◆ What is required: Word for word, write the lines below out again, with no pictures.

◆ Raw data:

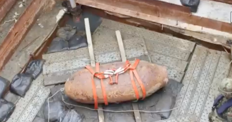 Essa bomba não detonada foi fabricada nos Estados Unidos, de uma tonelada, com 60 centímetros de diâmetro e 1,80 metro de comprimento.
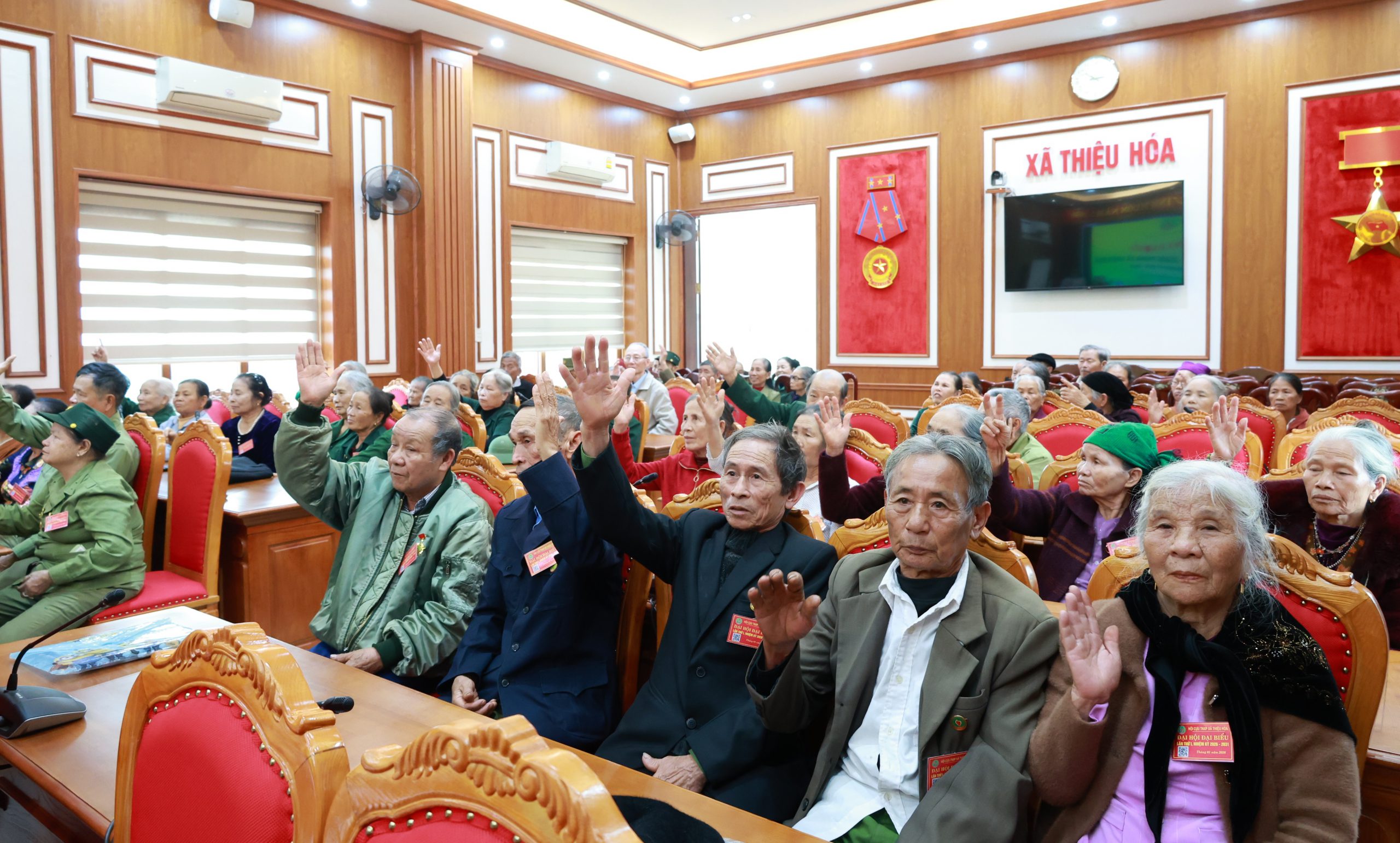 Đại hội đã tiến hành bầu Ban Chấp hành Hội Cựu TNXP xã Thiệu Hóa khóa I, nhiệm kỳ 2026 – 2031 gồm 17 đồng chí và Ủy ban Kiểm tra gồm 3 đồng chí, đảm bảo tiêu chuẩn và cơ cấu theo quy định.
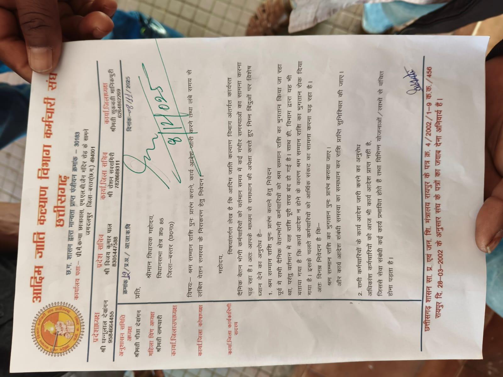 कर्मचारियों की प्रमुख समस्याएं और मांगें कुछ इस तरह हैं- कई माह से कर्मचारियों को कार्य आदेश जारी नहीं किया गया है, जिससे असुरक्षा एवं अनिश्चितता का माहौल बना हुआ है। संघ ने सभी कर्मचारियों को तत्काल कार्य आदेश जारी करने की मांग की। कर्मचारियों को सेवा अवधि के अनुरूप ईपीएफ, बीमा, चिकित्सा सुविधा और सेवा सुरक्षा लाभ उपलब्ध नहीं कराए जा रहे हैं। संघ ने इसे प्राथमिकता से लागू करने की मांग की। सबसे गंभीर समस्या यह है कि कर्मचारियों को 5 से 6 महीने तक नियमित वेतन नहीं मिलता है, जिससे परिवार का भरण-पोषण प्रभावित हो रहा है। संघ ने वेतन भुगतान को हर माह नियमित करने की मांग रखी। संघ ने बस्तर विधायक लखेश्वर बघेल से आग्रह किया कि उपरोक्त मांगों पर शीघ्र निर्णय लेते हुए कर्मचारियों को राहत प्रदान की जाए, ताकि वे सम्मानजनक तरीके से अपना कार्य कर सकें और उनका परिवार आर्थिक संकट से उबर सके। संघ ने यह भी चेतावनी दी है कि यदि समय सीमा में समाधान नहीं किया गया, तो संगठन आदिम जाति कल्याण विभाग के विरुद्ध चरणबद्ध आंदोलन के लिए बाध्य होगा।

◆ Written solution:
 Essa bomba não detonada foi fabricada nos Estados Unidos, de uma tonelada, com 60 centímetros de diâmetro e 1,80 metro de comprimento.
 Đại hội đã tiến hành bầu Ban Chấp hành Hội Cựu TNXP xã Thiệu Hóa khóa I, nhiệm kỳ 2026 – 2031 gồm 17 đồng chí và Ủy ban Kiểm tra gồm 3 đồng chí, đảm bảo tiêu chuẩn và cơ cấu theo quy định.
 कर्मचारियों की प्रमुख समस्याएं और मांगें कुछ इस तरह हैं- कई माह से कर्मचारियों को कार्य आदेश जारी नहीं किया गया है, जिससे असुरक्षा एवं अनिश्चितता का माहौल बना हुआ है। संघ ने सभी कर्मचारियों को तत्काल कार्य आदेश जारी करने की मांग की। कर्मचारियों को सेवा अवधि के अनुरूप ईपीएफ, बीमा, चिकित्सा सुविधा और सेवा सुरक्षा लाभ उपलब्ध नहीं कराए जा रहे हैं। संघ ने इसे प्राथमिकता से लागू करने की मांग की। सबसे गंभीर समस्या यह है कि कर्मचारियों को 5 से 6 महीने तक नियमित वेतन नहीं मिलता है, जिससे परिवार का भरण-पोषण प्रभावित हो रहा है। संघ ने वेतन भुगतान को हर माह नियमित करने की मांग रखी। संघ ने बस्तर विधायक लखेश्वर बघेल से आग्रह किया कि उपरोक्त मांगों पर शीघ्र निर्णय लेते हुए कर्मचारियों को राहत प्रदान की जाए, ताकि वे सम्मानजनक तरीके से अपना कार्य कर सकें और उनका परिवार आर्थिक संकट से उबर सके। संघ ने यह भी चेतावनी दी है कि यदि समय सीमा में समाधान नहीं किया गया, तो संगठन आदिम जाति कल्याण विभाग के विरुद्ध चरणबद्ध आंदोलन के लिए बाध्य होगा।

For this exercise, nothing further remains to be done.